This readme explains how to create the files for the Twitter Time Machine application, using the archives from archive.org.
First of all, note that all data and files should be in the same root directory. Don't worry if the running time is very long (in the 7 to 10 days per step for common hardware), this is normal.
0 - Run the 0_get_active_users.py (or its threaded version, see comments in the file) to create the list of active users that will only be kept for storage and computation time reasons. For your convenience, the file is already generated and available at active_users_2020_12.csv. Feel free to adapt the code (in all files) to consider another of users.
1 - Run 1_tweets_processing.py. This step uses the previously created list to iterate on all files from 2011 to 2021 and remove all unnecessary users, unecessary attributes and parse the tweets to create the tweets and users file. Note that this will create 2 files for each day, and therefore each user is present in each file. This intermdiate step is necessary as it is not possible (at least with common hardware) to keep the data for all the users and all 10 years in memory at the same time.
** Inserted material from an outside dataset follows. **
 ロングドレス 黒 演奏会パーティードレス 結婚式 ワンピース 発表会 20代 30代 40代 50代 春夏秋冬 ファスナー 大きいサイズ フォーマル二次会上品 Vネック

You should give 2 arguments when running this file : the year and the month of the data to process, with a leading zero for the month (e.g 2012 09 or 2020 12). This allows to run in parallel and use as many cores/threads as available in your system.
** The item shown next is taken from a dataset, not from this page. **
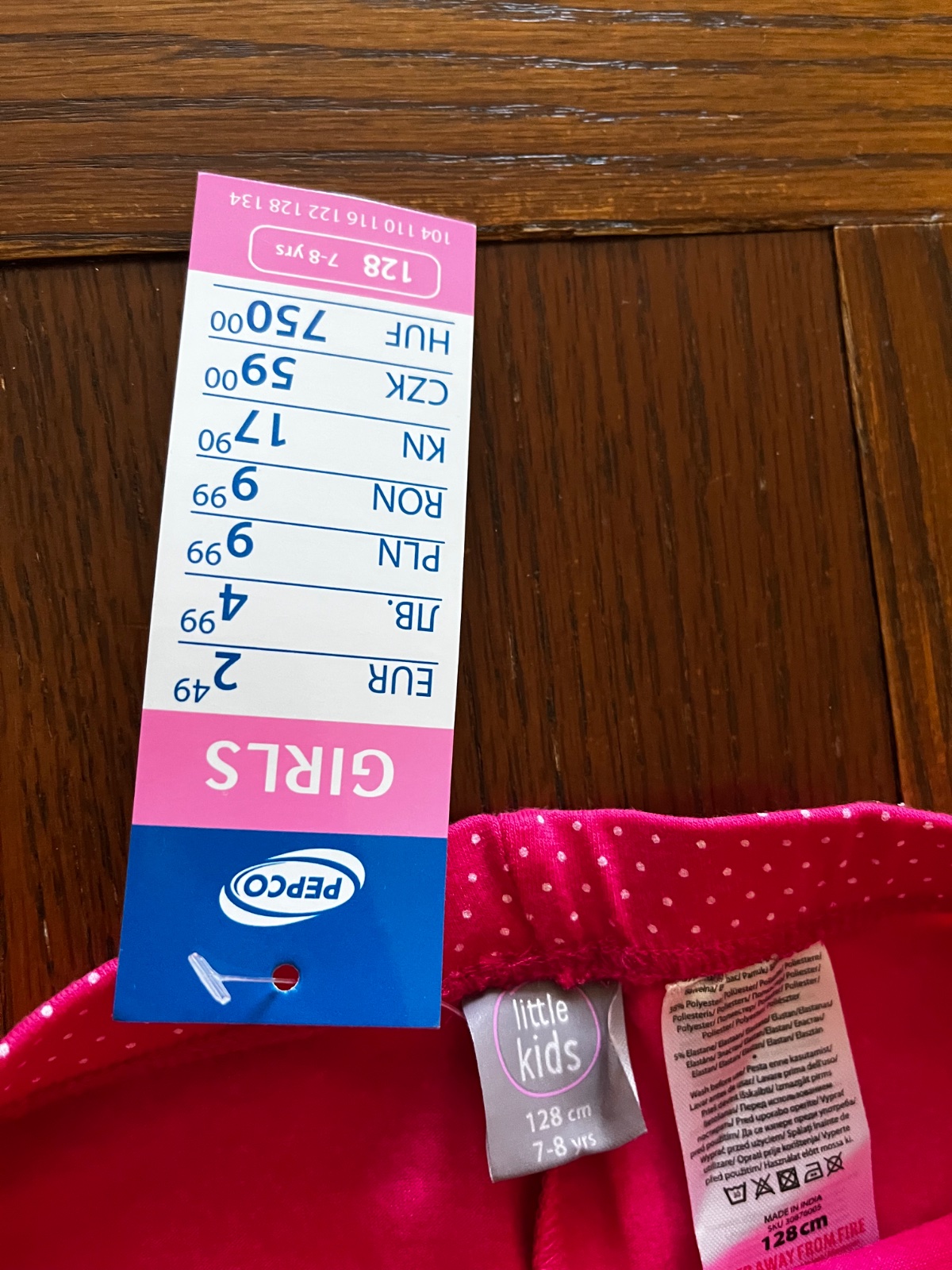 Legínky sú s celoplošným vzorom malých bodiek alebo hviezdičiek.

2 - Run 2_create_database_files.py to merge the daily files into multiple files containing disjoint set of users with all 10 years of data. By default, this creates 100 different files for the tweets and 100 different files for the users. This scripts take 3 arguments : the total number of files that should be created (to create multiple files in parallel, the default is 100), and the start and finish files for this run of the file. For instance, if you call the file like this : "python 2_create_database_files.py 100 10 20" it will create the file 10 to 19 of the 100 total files. This allows to adapt the computation to the capabilities of your machine. If you have 10 cores available for example you could run it in 10 runs of 10 files (this took around 10 days on our machine)
3 - This step and the next are required if you want to use MongoDB to store the data. MongoDB imposes a limit on the size per document in the collection (16 MegaBytes). Unfortunately, for a very few number of users (39 out of millions in our case), they exceed this size. The options are the either to discard them, or to ignore some of their history. Since some important users such as Joe Biden and Trump are one of those large users, we offer the possibility to reprocess them if needed. First of all, run the file 3_remove_large_users.py. This will remove these so called large users and allow to import the files easily in MongoDB. It will also create a file "ignored_users.json" that contains these users.
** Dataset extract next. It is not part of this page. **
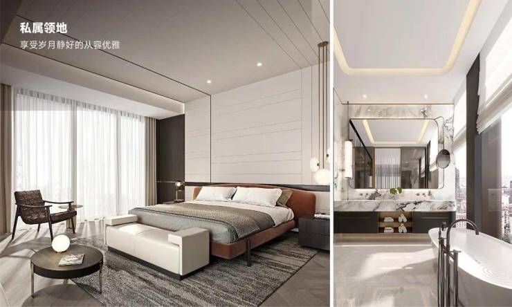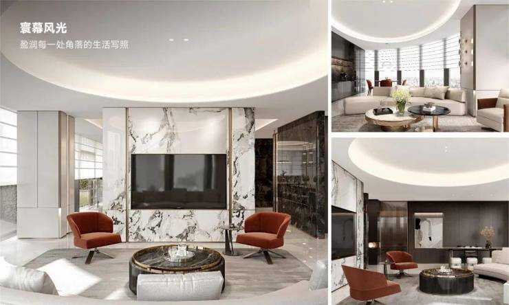 步入室内,胤璞的空间设计更是将“奢华”与“舒适”完美融合。户型设计上,项目主打大平层产品,面积从数百平米到上千平米不等,每一套都做到了极致的空间利用与功能划分。客厅挑空设计,搭配顶级品牌的家具与装饰,营造出一种尊贵而不失温馨的居家氛围。卧室、书房、衣帽间等功能区则更加注重私密性与实用性,每一个细节都透露出设计者的匠心独运。

4 - Run 4_reduce_user_size.py. This last step process the previously ignored users and remove some unecessary data (note that all data on tweets is kept, only data points for followers count, statuses count, etc ... are removed from the history). The created file called "ignored_users_16mb.json" can be imported directly in MongoDB.
First, create the database and the collections using the mongo shell:
mongo
> use trollcheck
> db.createCollection("users")
> db.createCollection("tweets")
> db.users.createIndex({ "details.id": 1})
> db.tweets.createIndex({ "user_id": 1})
Then, you can import each file in the data folder with the following command:
gunzip -c <FILENAME.json.gz> | mongoimport --db=<DB-NAME> --collection=<COLLECTION-NAME> --type=json --jsonArray --legacy
Data from the deleted_tweets
folder needs to be imported in the tweets
collection.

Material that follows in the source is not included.